The operating unit 6 is arranged in a pneumatic control circuit. The pneumatic circuit comprises pipelines 7 which extend between a source of compressed air 8 and a control unit 9 for automatic control, an operator-controlled valve 10 and an operator-controlled reversing or switching valve 11.

To move the crane, the operator selects either forward or reverse on the changeover valve 11 and can then press down a foot pedal 12 on his control valve 10 to thereby open the valve, either to a selected degree or completely. When the pump 2 provides no or negligible hydraulic output pressure, the regulator 9 is completely opened, and thus compressed air is supplied to the operating unit 6 when the valve 10 is initially opened. This results in the servo rod 5 being moved in either the forward or reverse directions, and this in turn causes the hydraulic pump to start operating after the swash plate has been tilted to an angle to cause the pump to displace hydraulic fluid. As soon as this happens, the hydraulic circuit 12 of the hydraulic motor 3 is pressurized and the hydraulic connection line 13 senses the pressure rise. This results in the control unit attempting to close the regulator 9 and thus limit the displacement of the operating unit 6 and the servo rod, and thus limit the displacement angle of the flapper plate and the degree of fluid displacement of the pump 2.

The pneumatic circuit also contains a throttle control 14 for controlling the throttle of the motor 1 and comprising a spring-biased drive rod 15 which is movable in a cylinder 16 against the bias of the spring when the pneumatic pressure line 7 is pressurized.
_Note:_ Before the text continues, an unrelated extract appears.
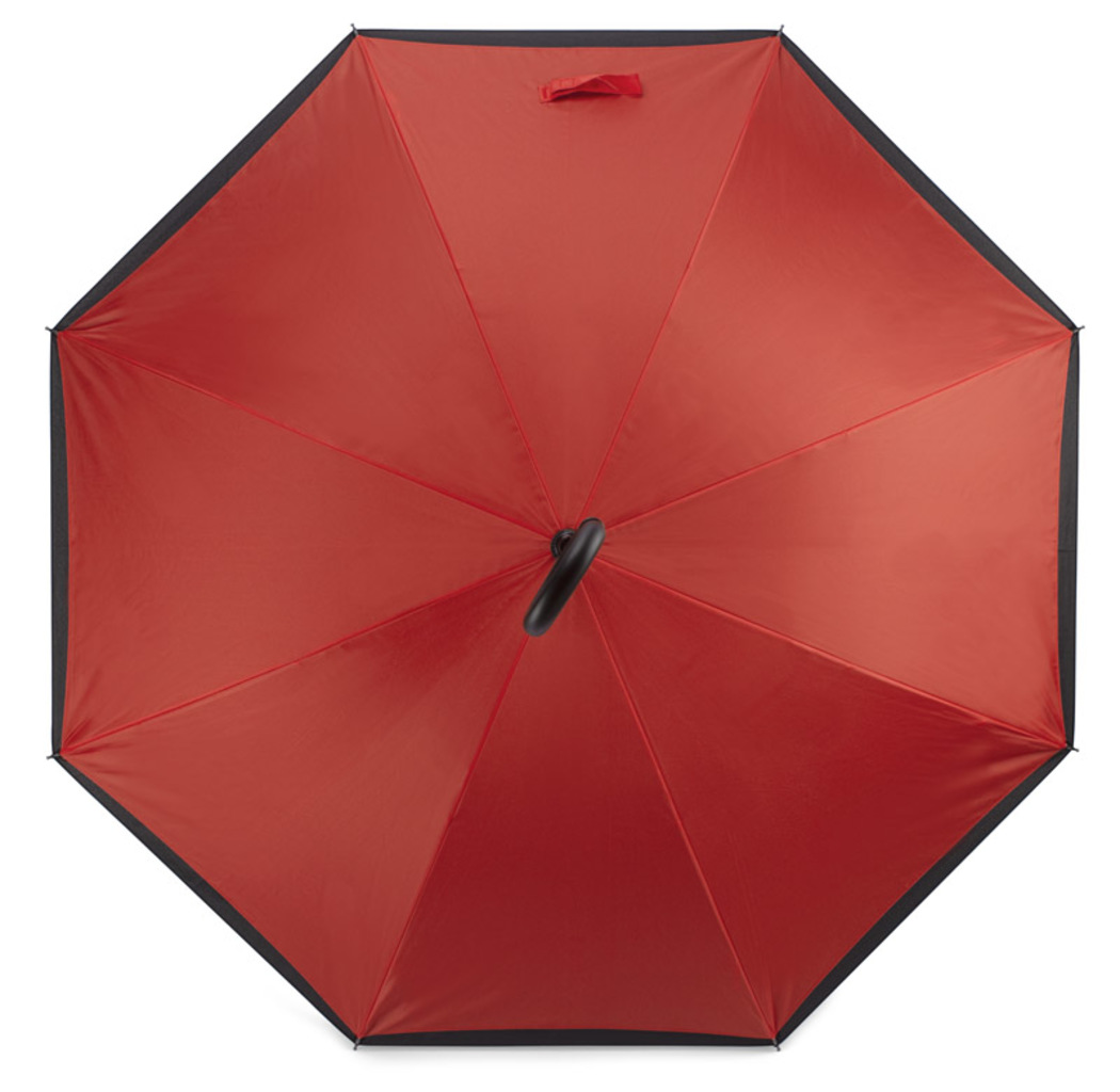 Revolutionární REVERS deštník se odlišuje svým tvar a funkčností. Pomocí reverzního pohybu při zavírání deštníku zůstává voda, která se na kupoli usadila, uvnitř deštníku, takže uživatel a okolní oblast zůstávají suché. Navíc deštník má výjimečnou rukojeť, která je velmi užitečná, když potřebujete něco udělat oběma rukama.

As soon as the operator depresses his pedal 12 and the valve 10 opens, the rod 15 is moved to increase the engine speed to an efficient level. The operating unit preferably has preloaded bias springs which require an applied pneumatic pressure of the order of 0.7 kg/cm 2 before any movement of the servo rod 5 occurs, and when the pneumatic pressure rises to this value, the pneumatic pressure is applied to the throttle control 14

to bring the engine 1 from an idle speed to an effective engine speed.

Although Fig.-1 shows only one spring, the throttle control 14 comprises two springs, one of which is preloaded and the other is initially unloaded, the arrangement being such that initial movement of the throttle control compresses only the first spring when the engine is brought up to useful speed . Before the motor reaches this useful speed, the preload on the springs in the operating unit 6 is not overcome, and the motors 3 are therefore not driven. After the engine has reached an effective speed, loading of the throttle control's 14 second spring begins.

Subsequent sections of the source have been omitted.